There is no RAW on this topic.
I have not reviewed every 5e book, but I have several of them, and to the best of my knowledge, this is never addressed in any of them. More than that, I don't expect it to be addressed in any of them in any detail because this is simply not the type of thing that tends to get described in a lot of detail in 5e.
The fact that characters can die of old age is mentioned many times, and the average life-spans of many fantasy races are mentioned, but the details of aging and thus an answer to this question is not something likely to be covered in much detail in books about high adventure.
(Magical aging is a separate thing and is discussed multiple times. But in general the specifics when magical aging are involved are usually discussed alongside the effects).

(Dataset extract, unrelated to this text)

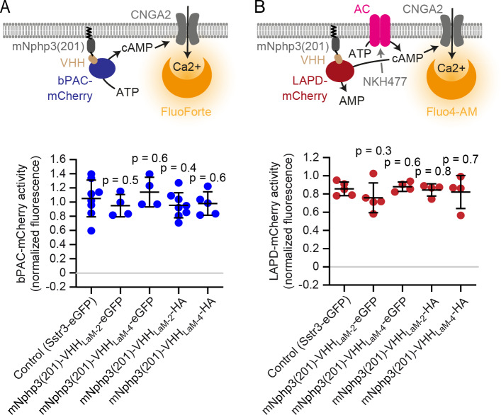 (A) bPAC activity measurements in HEK-TM cells. HEK293 cells express the CNGA2-TM ion channel, which opens upon cAMP binding and conducts Ca2+ (HEK-TM). bPAC-mCherry was co-expressed with the mNphp3(201)-tagged mCherry nanobody. Light-dependent activation of bPAC increases intracellular cAMP levels, leading to a Ca2+ influx, which was quantified using a fluorescent Ca2+ dye (GFP-certified FluoForte). bPAC activity was determined in the presence of mNphp3(201)-VHHLaM-2 or mNphp3(201)-VHHLaM-4 (fused to HA or eGFP). Co-expression with the ciliary protein Sstr3-eGFP was used as a negative control (ciliary localized protein, but not binding to bPAC or LAPD). bPAC activity was determined according to the maximum amplitude of the Ca2+ signal after light stimulation (465 nm light pulse, 1 s, 162 µW/cm²) compared to the ionomycin-evoked Ca2+ signal. 5 min before light stimulation, cells were treated with 25 µM of IBMX to inhibit phosphodiesterases and sustain a long-lasting increase in cAMP. NT: non-transfected cells. (B) LAPD activity measurements in HEK-TM cells. To measure LAPD activity, HEK-TM cells were pre-stimulated with 100 μM NKH477 to activate transmembrane adenylate cyclases (AC), thus increasing cAMP levels. Ca2+ influx was detected by a Ca2+ dye (Fluo4-AM). LAPD activity was determined in the presence of mNphp3(201)-VHHLaM-2 or mNphp3(201)-VHHLaM-4 (fused to HA or eGFP). Co-expression of the ciliary protein Sstr3-eGFP was used as a negative control (ciliary localized protein, but not binding to bPAC or LAPD). Fluo4-AM-loaded HEK-TM cells were incubated with 100 μM NKH477 during continuous 850 nm light illumination (0.5 µW/cm²). When reaching a steady-state, light was switched to 690 nm (0.5 µW/cm²) to stimulate LAPD activity. LAPD activity was determined as the maximal decrease compared to the maximal Ca2+ signal amplitude after NKH477 addition. Data are shown as individual data points (each data point represents and independent experiment and corresponds to the average of a duplicate or triplicate measurement) and mean ± S.D., p-values calculated using unpaired, two-sided Student's t-test compared to Sstr3-eGFP are indicated. All HEK-293 cells were non-ciliated.

When appropriate for the story, taking into account the species.
I have a hard time coming up with a scenario where you would want to roll for this. Instead, if it becomes relevant, I recommend letting the story dictate it. If it is dramatically appropriate in story for a character to die of old age, and they are not so young that it would be ludicrous, then they do (Think Yoda in ROTJ. The timing was very convenient story wise.) If the story would be served by them living, and they are not ludicrously old for their species, then they do not die of old age (and if they are ludicrously old, but their death would be inconvenient, there are various magics that could be invoked to buy them a little more time while maintaining verisimilitude).

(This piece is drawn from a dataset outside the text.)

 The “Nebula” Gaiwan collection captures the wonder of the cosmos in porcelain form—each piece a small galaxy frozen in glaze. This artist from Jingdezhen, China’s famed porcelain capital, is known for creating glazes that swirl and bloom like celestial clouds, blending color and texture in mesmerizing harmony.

If you really want to use dice, then consider using a percentage and basing it off of actuarial tables.
If you really want to use dice for this, then at least for humans you can look to real world actuarial tables like this one.
There is a death probability chart for each age. You can roll a percentage (use a d100 or 2d10 with one of them representing the tens place and the other the ones place). If they beat the odds, they won't die of old age for another year. If they don't beat the odds, they will die at some point in that year.
This of course is not perfect because most actuarial tables look at death from any cause rather than just old age (It can in fact be difficult in real life to say whether someone died of "old age" or not. If someone died from an identifiable disease that a younger person probably would have survived, did they die from old age?) Still, it makes a decent starting point if you want to roll.
You may not want to use a constitution modifier at all. For one thing, 5e at least to the best of my knowledge does not have rules for reducing constitution with age, which is an expected result of aging in the real world (though how much gets complicated and depends on how well someone has been taking care of themselves, genetics, environmental factors, etc). I would simply disregarding constitution. But if you want to factor it in while using the actuarial tables, consider adding the entire constitution number to the percentage roll. This could result in some people living exceptionally long lives, but that might be expected at least of people like adventurers that are meant to be exceptional.